Она всего лишь юная девушка. Просто подросток, который глядит на него с обидой. Сигруд испытывает причудливое ощущение, думая, что ради нее он рисковал жизнью, терзался размышлениями во тьме, о ней переживал и думал, пока плыл через Южные моря в Галадеш.
И все же смотреть на нее…
— У меня что-то с лицом? — спрашивает Татьяна.
Сигруд задерживает на ней взгляд еще на секунду.
«Она понятия не имеет. Она не знает, на кого похожа. И кем может стать».
Он неловко кашляет.
— Стройкова… твоя тетя?
— Она друг семьи. — Холодная улыбка. — Миски на верхней полке справа. Ложки в выдвижном ящике ниже.
Сигруд открывает шкаф и видит, что на средней полке действительно есть миски, но на нижней имеется что-то гораздо более тревожное — большой черный револьвер.
— Это она тоже оставила, — говорит Татьяна из своего угла. — Думаю, для меня… хотя тебе он может быть полезнее.
Сигруд еще секунду глядит на оружие, потом принимается наполнять миску кашей.
— Зачем она оставила тебе пистолет?
— Думаю, на случай, если кто-то ворвется сюда и будет угрожать моей жизни. Вообще-то я бы даже обрадовалась. С того дня, как мама привезла меня сюда, ничего больше не произошло.
— Мама привезла тебя сюда? — переспрашивает Сигруд.
— А кто же еще?
Он озирается.
— Где Стройкова?
— Кормит овец и свиней. Наверное. Я не могу сказать точно, потому что мне нельзя выходить из дома. Я, видишь ли, немаловажная персона.

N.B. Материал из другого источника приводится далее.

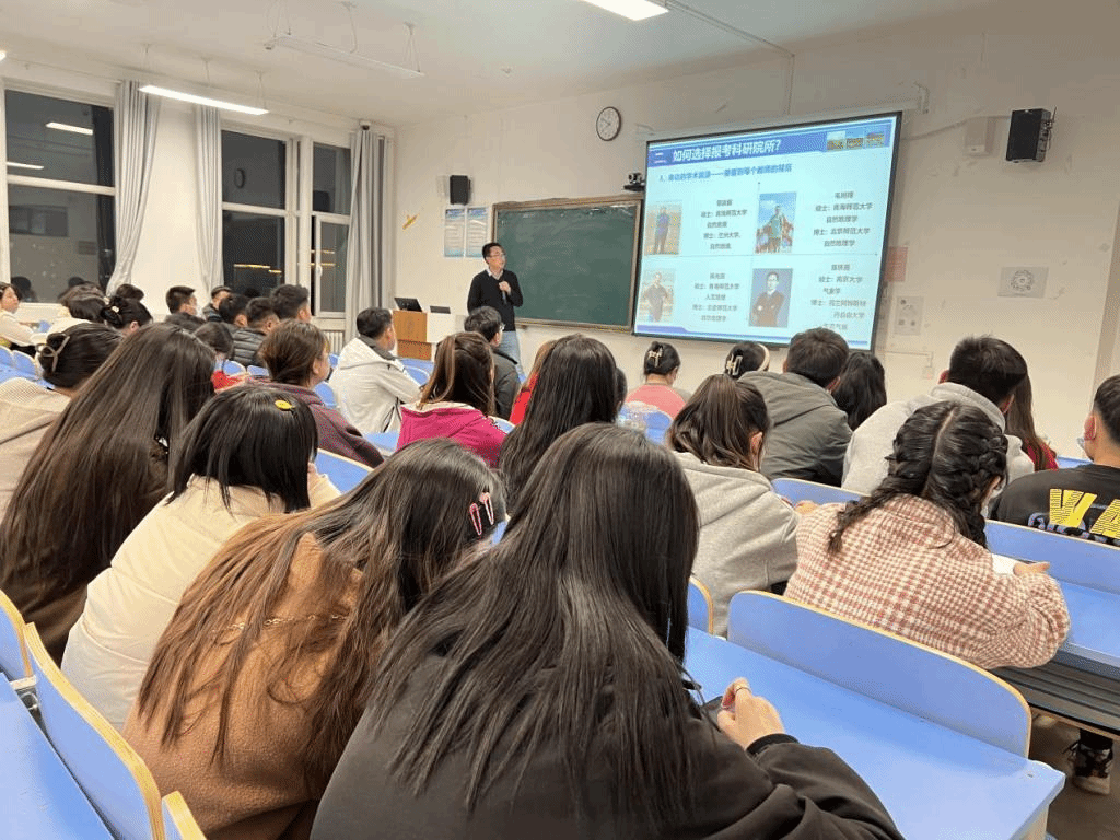 讲座上,张进虎老师从“为什么要考研”“如何选择报考科研院所”“推荐院校历年分数统计”“上岸学子考研经验分享”等四个方面进行了生动详细的阐述,并结合近年来考研大数据、学院研究生招录情况等方面,与现场同学互动交流。最后,在备考时间、复习方法上进行了深入辅导。同学们认真聆听,积极互动,气氛热烈。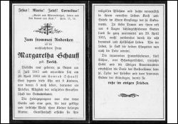 ∞ 20.4.1869 Konrad Schauff, † ; 9 K., davon 4 †; 1 Sohn Salvatorianerpater; ihr mann 4 Tage vorher † |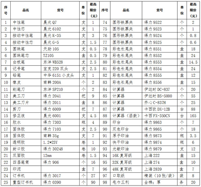 为保障正常办公需要,为教学、训练各项工作提供方便快捷高效服务,采用询价方式采购办公用品定点供货商。请符合相应资格条件的公司参加询价。 一、采购项目名称:宜昌市体校办公用品供货商询价采购 二、项目内容: 报 价 表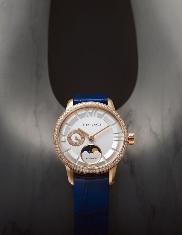 지름 34mm의 18K 로즈 골드 케이스에 라운드 브릴리언트 컷 다이아몬드를 세팅해 화려함을 배가한 아틀라스 문페이즈 워치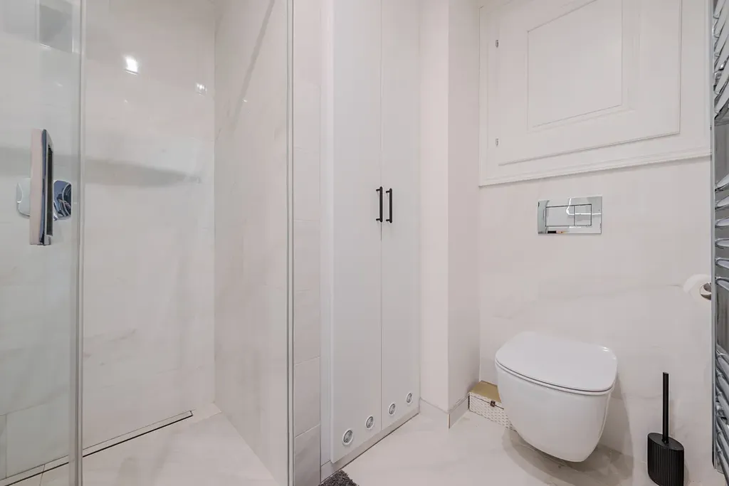 Koupelna se sprchovým koutem a WC.
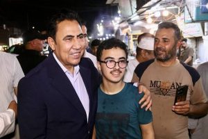 والتقى عدداً من المواطنين واصحاب المحال التجارية واستمع إلى آرائهم واطّلع على أحوالهم وناقش معهم احتياجاتهم ومتطلباتهم بهدف تعزيز الواقع الخدمي والاقتصادي في المدينة.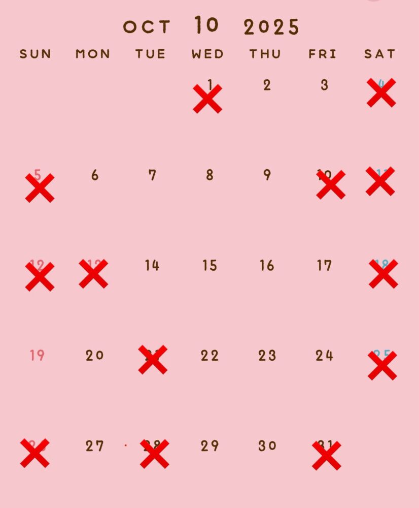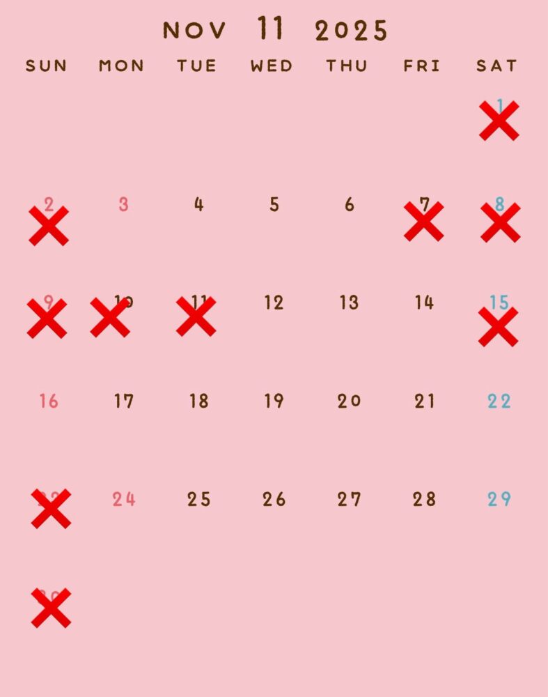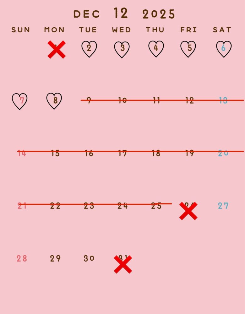 12月は赤い斜線とバツは空いてません!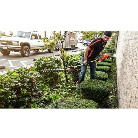 Barra di taglio articolata per una maggiore versatilità e un lavoro meno faticoso. Regolabile in 7 posizioni per una comoda posizione durante il taglio di lati, angoli, aree inaccessibili o siepi con altezze diverse.

Сигруд садится за стол. Он собирается набить рот кашей, как вдруг Татьяна покидает свой угол и садится напротив. Она глядит на него пристально, словно видит перед собой странное животное и никак не может его классифицировать.
— Итак, — говорит она, — ты знал мою маму.
— Хм, — мычит Сигруд в ответ. — Да.
— Пистолетом пользоваться умеешь?
Он косится на шкаф с посудой.
— Умею.
Она кивает.
— И ты тоже был шпионом?
Сигруд медлит. Железное правило разведки: не бегать вокруг, крича о том, кто ты такой. Но нельзя стать достойным оперативником, не умея читать людей, — и он чувствует, что Татьяна Комайд уже знает правду и ждет от него того же.
— В каком-то смысле, — говорит он.
Она снова кивает и говорит:
— Понятно.
Звучит это немного дерзко. Потом девушка встает, хватает книгу и быстрым шагом выходит из комнаты.
Сигруд таращится ей вслед, гадая, что это было. Потом открывается задняя дверь, и входит Стройкова в грубой кожаной куртке и грязных сапогах, с винташем на плече.
— А, очухался, — говорит она. — И проголодался. Видимо, еще поживешь. — Она хмурится, услышав, как где-то в доме хлопнула дверь. — В чем дело?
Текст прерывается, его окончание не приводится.